The Original Music from Music City

This week began a year-long celebration of a significant milestone that deserves more attention. Oct, 6, 2021 marked the 150th anniversary of the founding of the Fisk Jubilee Singers, from right here in Music City.

Most people assume it was country music that gave Nashville its nickname, Music City. True, the country music industry has continued to grow and the city is known the world over as being the epicenter of that genre.

But you have to go back to the year 1871, when George L. White, music professor at the five-year-old Fisk School in Nashville, started a 9-member choral ensemble. The fledgling school, founded just six months after the end of the Civil War by three former slaves, was in serious need of funding, and the idea arose to send this group of singers on tour, singing the spirituals from their very recent slave past. After touring for some time, the group was physically and emotionally spent. Mr. White, in an effort to revive their spirits, called them the Jubilee Singers.

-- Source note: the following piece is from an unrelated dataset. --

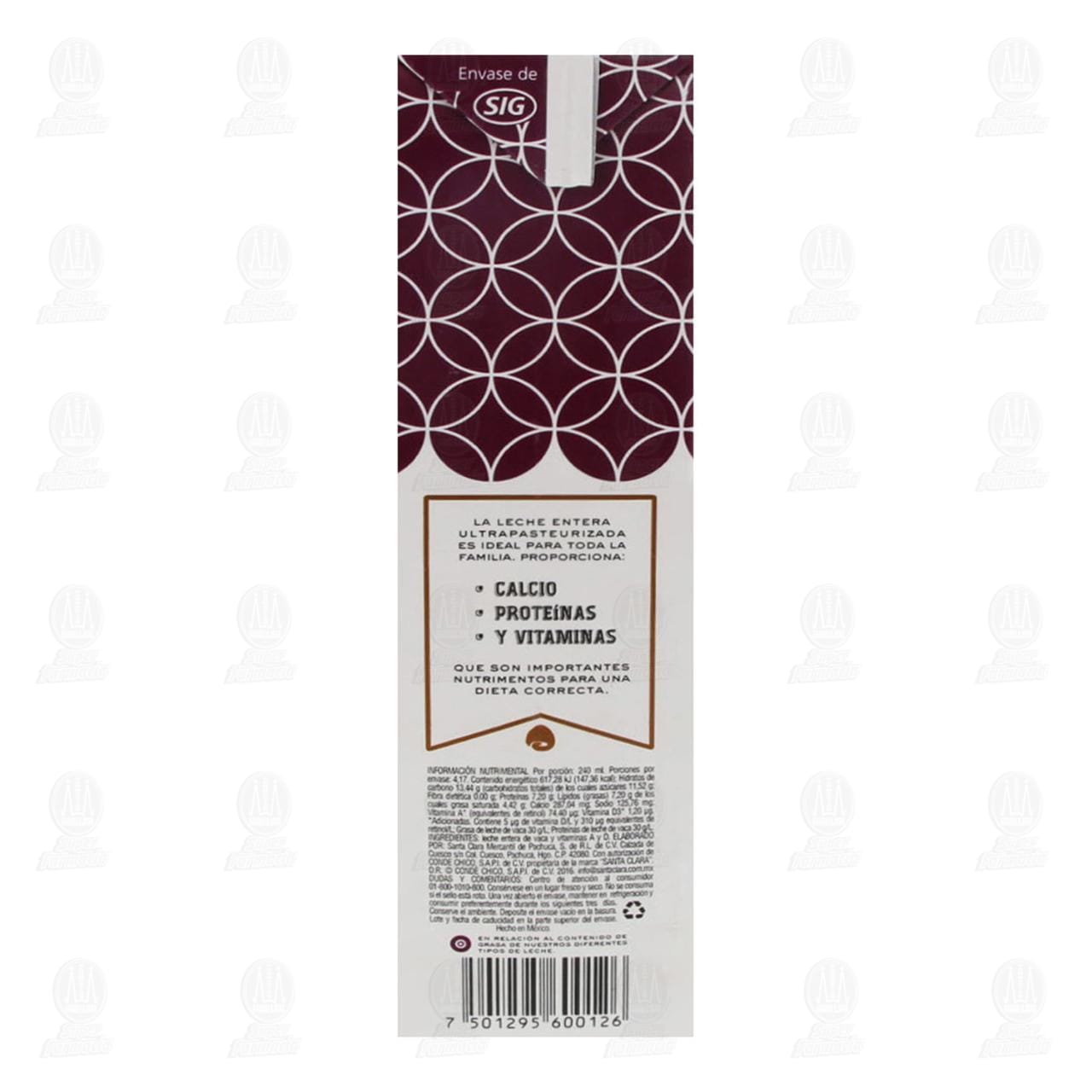 Leche entera Santa Clara 100% pura de vaca, con consistencia cremosa, ultrapasteurizada y adicionada con vitaminas A y D. Envase con 1 litro.

What was at first an object of curiosity and some derision eventually became an ovation-fetching sensation, sending them to the White House to perform for President Ulysses S. Grant, then in 1873 on their first European tour. It was then they performed for Queen Victoria, who was so impressed she is said to have done two things:

  • commissioned a floor-to-ceiling portrait of the original Fisk Jubilee Singers, which now hangs in Fisk University's Jubilee Hall, the first permanent building on campus

  • remarked that such a talented group must be from "the city of music"

And Music City was born.

So if you happen to visit my fair city, plan a visit to the historic home of what US News and World Report has ranked number 9 in the top Historically Black Colleges and Universities in the country. And if you're lucky, you might just catch a performance of the current iteration of this noble group who captured the ear -- and the heart -- of the Queen of England.